=== Begin Enclosure ===
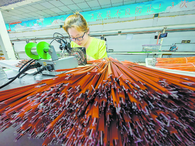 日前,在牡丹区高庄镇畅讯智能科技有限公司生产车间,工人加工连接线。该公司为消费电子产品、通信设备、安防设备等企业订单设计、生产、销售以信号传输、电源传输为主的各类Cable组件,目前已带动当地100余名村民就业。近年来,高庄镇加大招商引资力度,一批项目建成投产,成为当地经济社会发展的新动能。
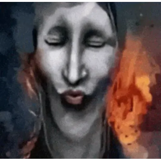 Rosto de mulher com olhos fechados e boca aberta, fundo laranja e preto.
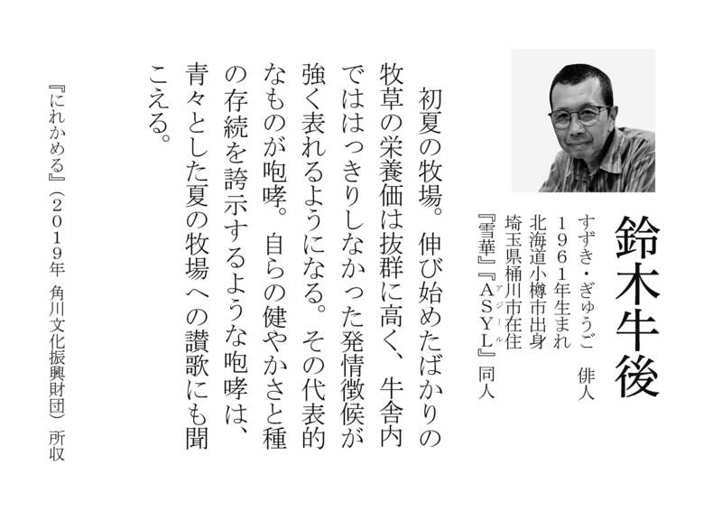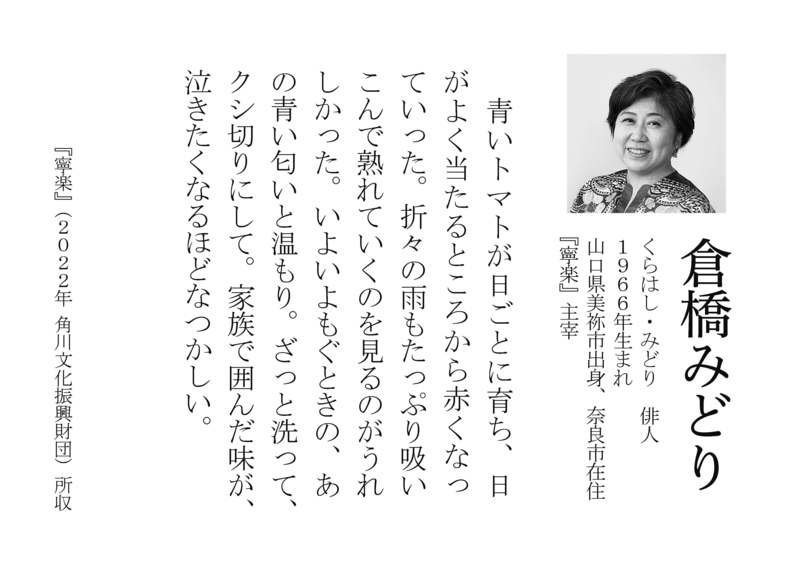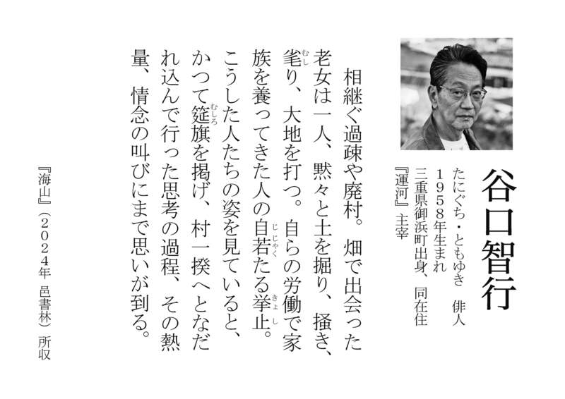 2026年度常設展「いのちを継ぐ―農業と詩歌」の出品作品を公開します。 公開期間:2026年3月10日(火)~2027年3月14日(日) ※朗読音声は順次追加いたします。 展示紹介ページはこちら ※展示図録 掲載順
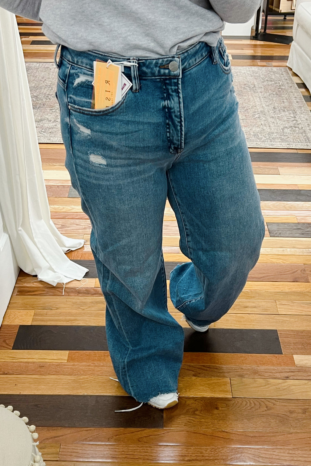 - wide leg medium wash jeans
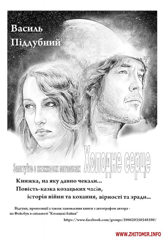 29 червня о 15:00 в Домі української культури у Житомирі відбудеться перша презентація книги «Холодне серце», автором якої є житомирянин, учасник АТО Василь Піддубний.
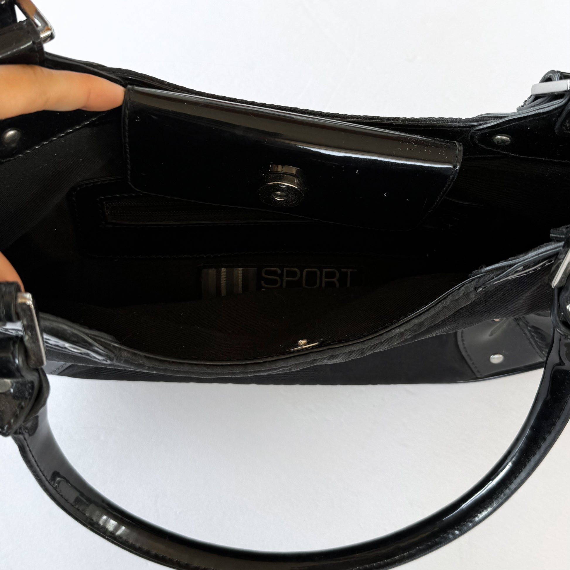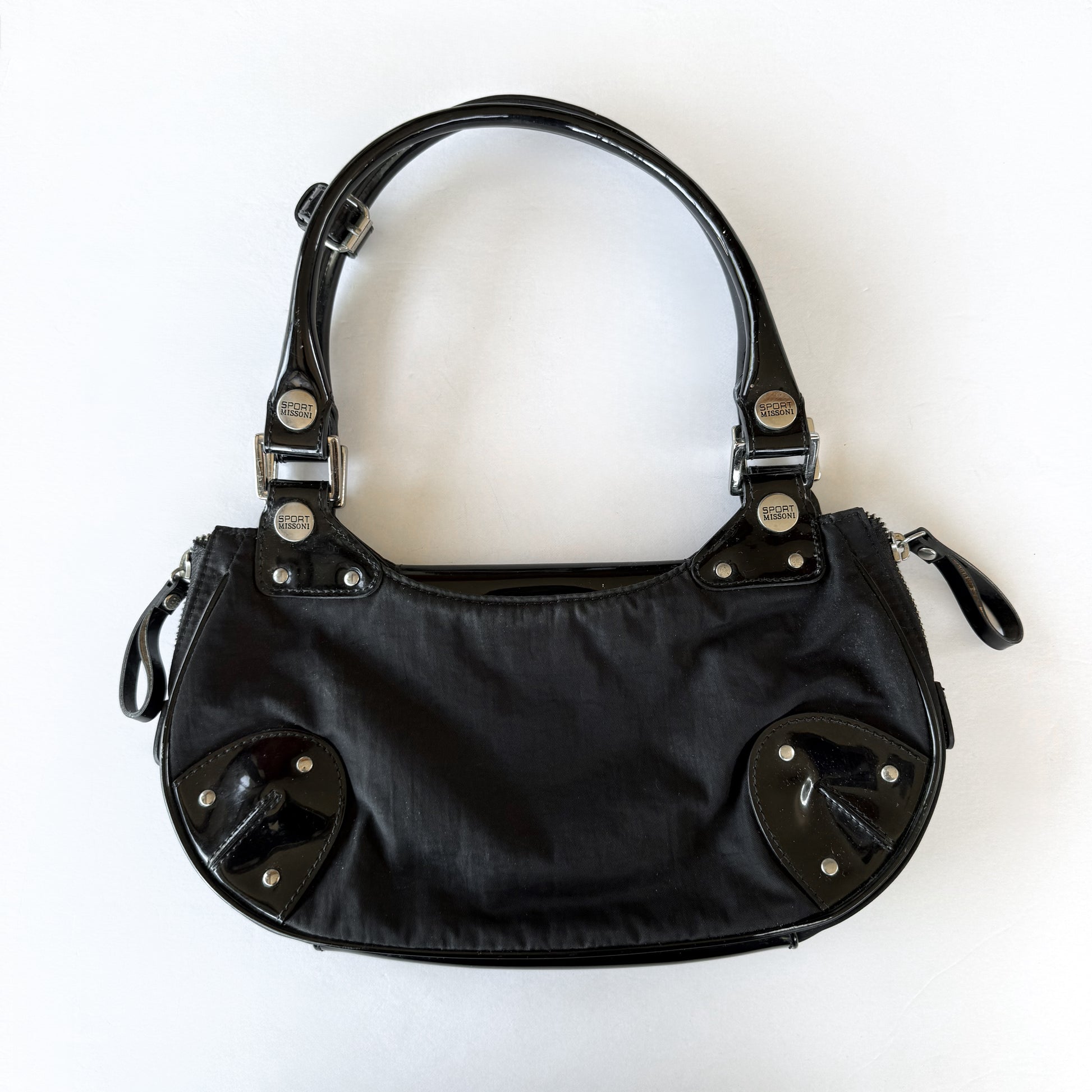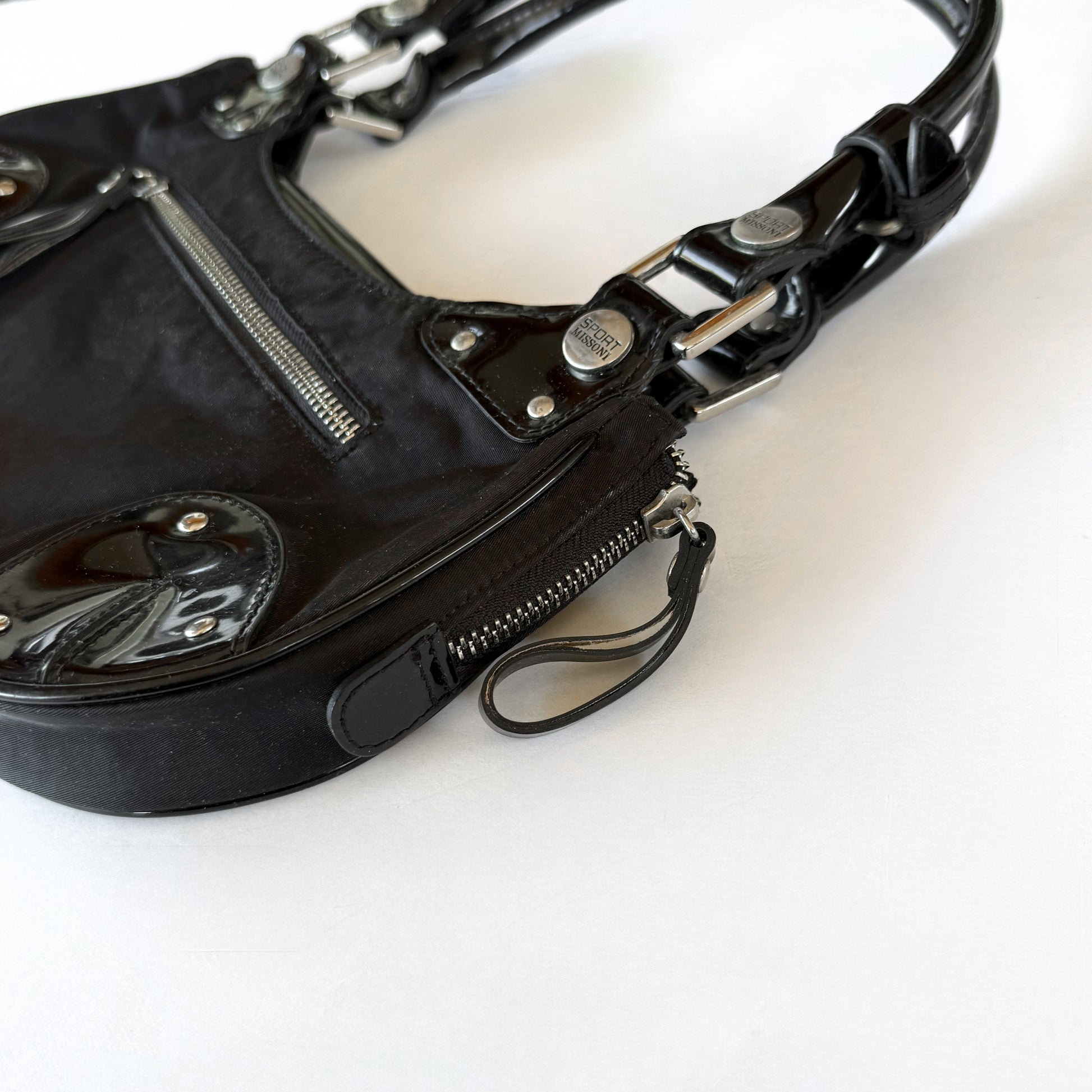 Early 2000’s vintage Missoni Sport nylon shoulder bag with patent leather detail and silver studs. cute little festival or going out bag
=== End Enclosure ===
=== Begin Enclosure ===
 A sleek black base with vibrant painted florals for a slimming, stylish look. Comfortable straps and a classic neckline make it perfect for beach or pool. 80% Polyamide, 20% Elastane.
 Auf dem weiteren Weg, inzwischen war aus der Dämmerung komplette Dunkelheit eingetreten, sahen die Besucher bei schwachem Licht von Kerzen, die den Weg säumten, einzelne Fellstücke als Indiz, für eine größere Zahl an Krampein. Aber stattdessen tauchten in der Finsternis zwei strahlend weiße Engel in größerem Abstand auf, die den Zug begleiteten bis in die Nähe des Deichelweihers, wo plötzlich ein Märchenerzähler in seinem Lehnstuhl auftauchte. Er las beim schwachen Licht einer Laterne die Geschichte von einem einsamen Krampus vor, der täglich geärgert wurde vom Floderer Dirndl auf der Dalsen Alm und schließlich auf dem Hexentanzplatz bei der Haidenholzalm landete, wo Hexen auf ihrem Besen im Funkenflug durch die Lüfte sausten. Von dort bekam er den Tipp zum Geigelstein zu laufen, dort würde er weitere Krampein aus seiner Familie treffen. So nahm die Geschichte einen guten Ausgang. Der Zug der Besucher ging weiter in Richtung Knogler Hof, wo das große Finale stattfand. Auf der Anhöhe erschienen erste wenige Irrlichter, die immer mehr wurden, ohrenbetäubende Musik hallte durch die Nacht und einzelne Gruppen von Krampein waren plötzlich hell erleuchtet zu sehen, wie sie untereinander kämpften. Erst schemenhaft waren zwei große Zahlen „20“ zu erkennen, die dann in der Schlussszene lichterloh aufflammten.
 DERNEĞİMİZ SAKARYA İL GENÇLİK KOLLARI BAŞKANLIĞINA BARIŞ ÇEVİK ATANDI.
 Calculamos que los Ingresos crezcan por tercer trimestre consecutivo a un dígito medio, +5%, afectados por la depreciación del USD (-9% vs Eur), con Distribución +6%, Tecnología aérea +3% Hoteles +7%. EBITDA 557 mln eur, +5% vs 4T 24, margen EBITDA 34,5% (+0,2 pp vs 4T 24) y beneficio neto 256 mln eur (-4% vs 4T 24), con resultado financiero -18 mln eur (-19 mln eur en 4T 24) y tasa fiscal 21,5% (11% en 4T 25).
=== End Enclosure ===
Starting at the line with "日前,在牡丹区高庄镇畅讯智能" in the entries above, write out every line exactly until the line with "Early 2000’s vintage" has been written. Include no pictures and nothing more.

▶ _Reply to the task_:
 日前,在牡丹区高庄镇畅讯智能科技有限公司生产车间,工人加工连接线。该公司为消费电子产品、通信设备、安防设备等企业订单设计、生产、销售以信号传输、电源传输为主的各类Cable组件,目前已带动当地100余名村民就业。近年来,高庄镇加大招商引资力度,一批项目建成投产,成为当地经济社会发展的新动能。
 Rosto de mulher com olhos fechados e boca aberta, fundo laranja e preto.
 2026年度常設展「いのちを継ぐ―農業と詩歌」の出品作品を公開します。 公開期間:2026年3月10日(火)~2027年3月14日(日) ※朗読音声は順次追加いたします。 展示紹介ページはこちら ※展示図録 掲載順
 - wide leg medium wash jeans
 29 червня о 15:00 в Домі української культури у Житомирі відбудеться перша презентація книги «Холодне серце», автором якої є житомирянин, учасник АТО Василь Піддубний.
 Early 2000’s vintage Missoni Sport nylon shoulder bag with patent leather detail and silver studs. cute little festival or going out bag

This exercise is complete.